There has been much glib discussion of massive increases in transmission capacity to allow wind service. But a comprehensive solution to global warming in the electric sector is likely to require a strong enough efficiency response that transmission resources for wind are not a core issue for several decades. Transmission capacity is expensive and will knock wind out of the running in situations where the wind resources are not reasonably local. Just as a 20-40 percent premium for nuclear power or carbon sequestration makes a vast array of efficiency alternatives available, and a better deal, so does adding new wind plus a long distance transmission line.
Perhaps the lesson here is that the whole climate response is so complex that we can’t expect to envision it well or properly until we have started with the low hanging fruit.
Electric cars and wind:
One of the muted joys of being an efficiency advocate is the frequency with which one is proven right. The biofuels mess was predictable, just as the current price of gas was predictable in 1982 when the Reagan administration tried to roll back CAFE standards and successfully blocked the NHTSA’s legal responsibility to increase the standards in response to the cost-effectiveness of the efficiency gains. There are no meaningful renewable alternatives to petroleum or natural gas, unless the electric car proves viable. Synfuels may not fly in the long run, but they seem to have some economic justification, and therefore present a massive potential increase in CO2.
The electric car is potentially less CO2-intensive than gasoline, even using 100 percent coal to fuel it, but there is another aspect: If you recognize that electricity is far cheaper than gasoline for an equivalent distance driven, it suggests a possible solution for the moment when wind development runs into the economic hurdle of displacing much cheaper coal in existing power plants.

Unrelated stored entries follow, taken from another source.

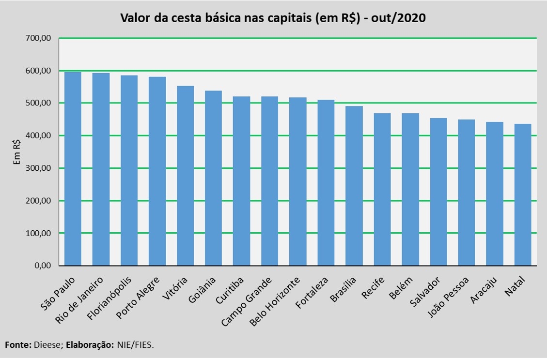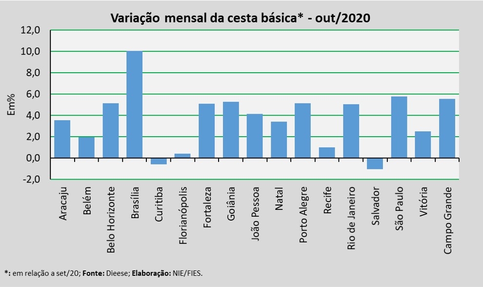 Em termos relativos, quando comparado com o mês imediatamente anterior, setembro deste ano, verificou-se aumento no valor da cesta em 15 das 17 capitais pesquisadas. Os maiores aumentos foram registrados em Brasília (+10,0%), São Paulo (+5,8%) e Campo Grande (+5,5%). Apenas Salvador (-1,1%) e Curitiba (-0,6%) apresentaram redução no valor da cesta.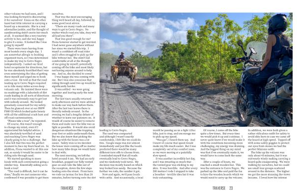 There were tours leaving from most hostels every single day . I am somewhat allergic to booking organised tours , so I was determined to make my way to Cerro Negro independently . I asked our kind hotel receptionist for directions , but he was absolutely horrified that I was even entertaining the idea of getting there myself and urged me to book onto a tour . He told us that the road leading up to Cerro Negro required us to ride many miles across deep volcanic ash . He insisted there were no markings with a labyrinth of dirt roads leading in all sorts of directions and it was extremely easy to get lost with nobody around . He looked genuinely concerned for my safety . Then he glanced over at our BMW F800 GS which looked quite beasty with all the additional crash bars and off-road customisations . “ Please take a tour ”, he repeated . Of course , this wasn ’ t enough to change my mind , even if I appreciated his helpful advice . I was absolutely terrified of sand and reaching Cerro Negro was clearly going to be a challenge . But I also felt that this was the perfect moment to face my fears head on . In addition , Fiona wanted to sit this one out , so surely it would be easier to be riding solo through sand .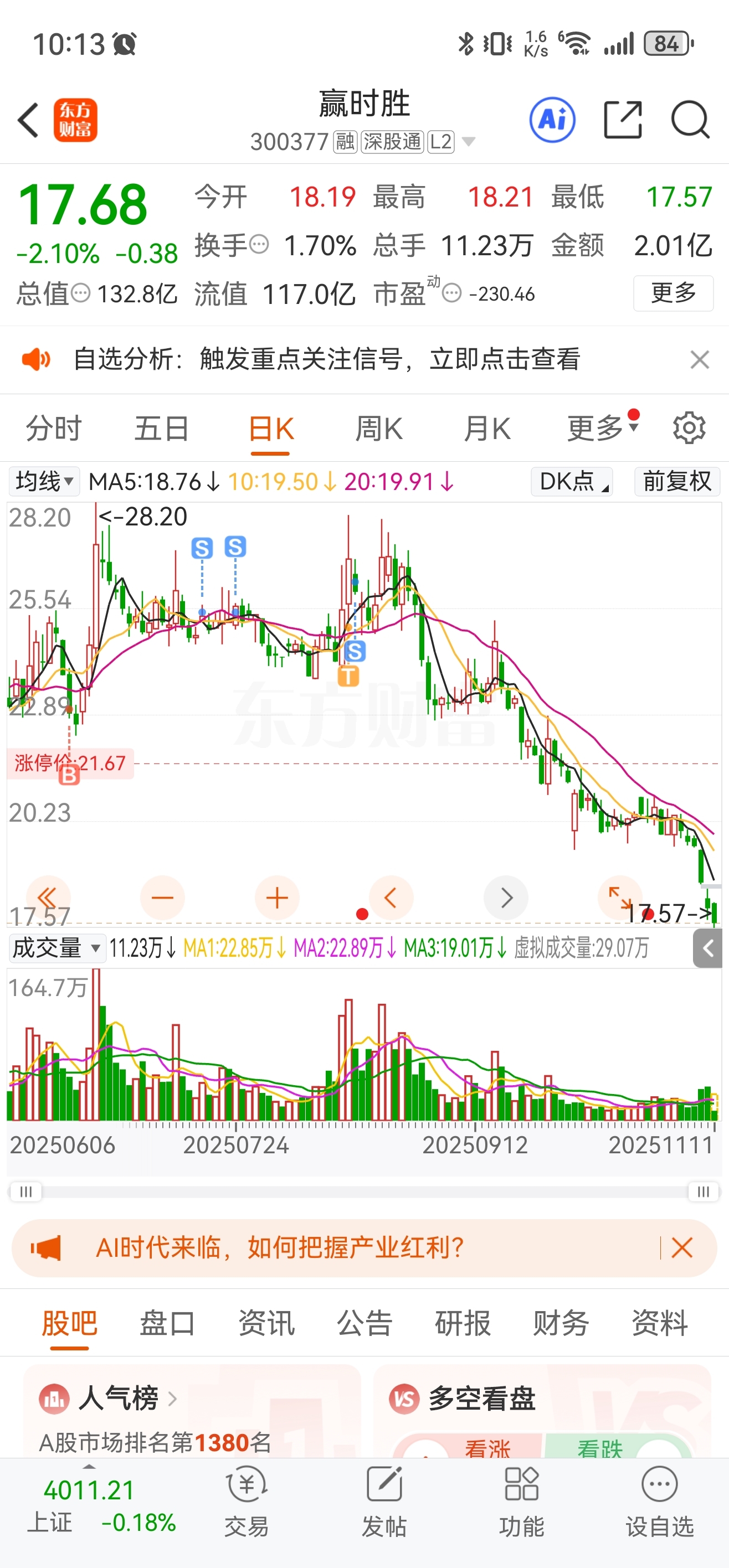 $赢时胜(SZ300377)$ 回来一看,还好跑的早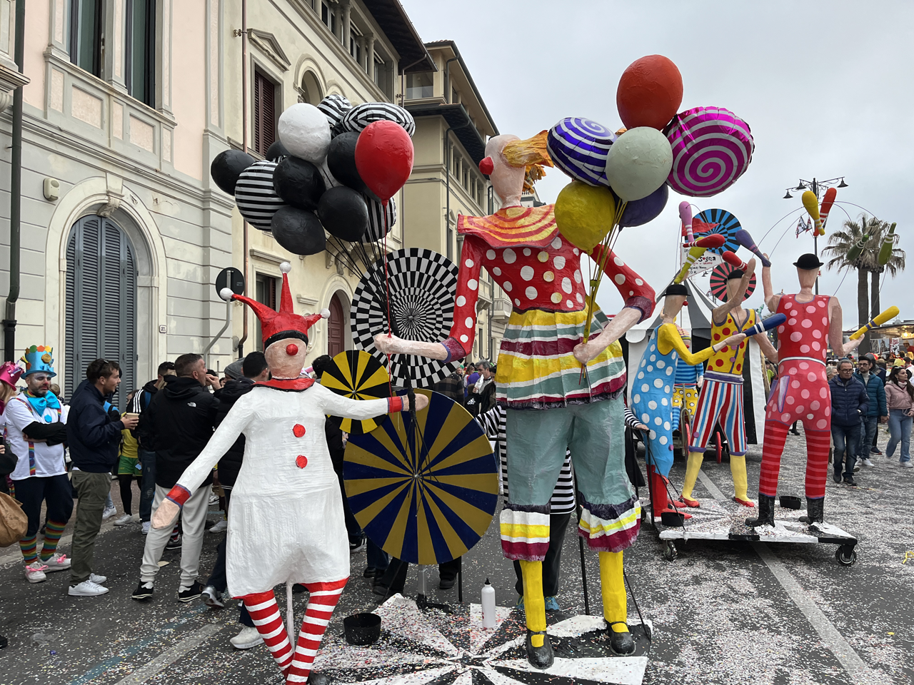 La tradizione del Carnevale di Viareggio nacque nel 1873, quando un gruppo di giovani borghesi che frequentavano il Casino Cafè ideò una parata di carretti e maschere lungo la Passeggiata. Da allora, per sei volte in un mese, i carri – enormi strutture che rappresentano in modo satirico o provocatorio il mondo della politica, dell’intrattenimento o di attualità – sfilano lungo la Passeggiata di Viareggio.

Fueling an electric car is so much cheaper than fueling a gasoline car that it should be possible to build a subsidy for wind turbines into the price of an electric car without the buyer being aware — unless the manufacturer chooses to make it a marketing tool. A reasonable estimate of the cost of wind capacity to fuel an electric car is $425/year. This is just an estimate, without reference to any specific wind turbine or electric car. Using plug power would cost less (perhaps $360) at today’s average rates, but plug power includes generation resources which were amortized decades ago.
An electric car owner would use plug power, but would not need to pay the entire cost of a new wind turbine to ensure that the entire fuel resource used by his or her car was offset by renewable resources. Rather, the manufacturer of the electric car could include a fee in the price of the car which would subsidize the construction of new wind turbines. Adding this new subsidy to the existing federal tax credit would make a very attractive offer to utilities considering new wind resources, at a small fraction of the full cost of the new wind.
This is not just a gratuitous marketing scheme — it is the best suggestion I have heard to date to keep the wind industry moving ahead at the point that we stop building wind to meet new growth in electric consumption, and start trying to build it in the face of net reductions in electricity consumption and/or CO2 emissions.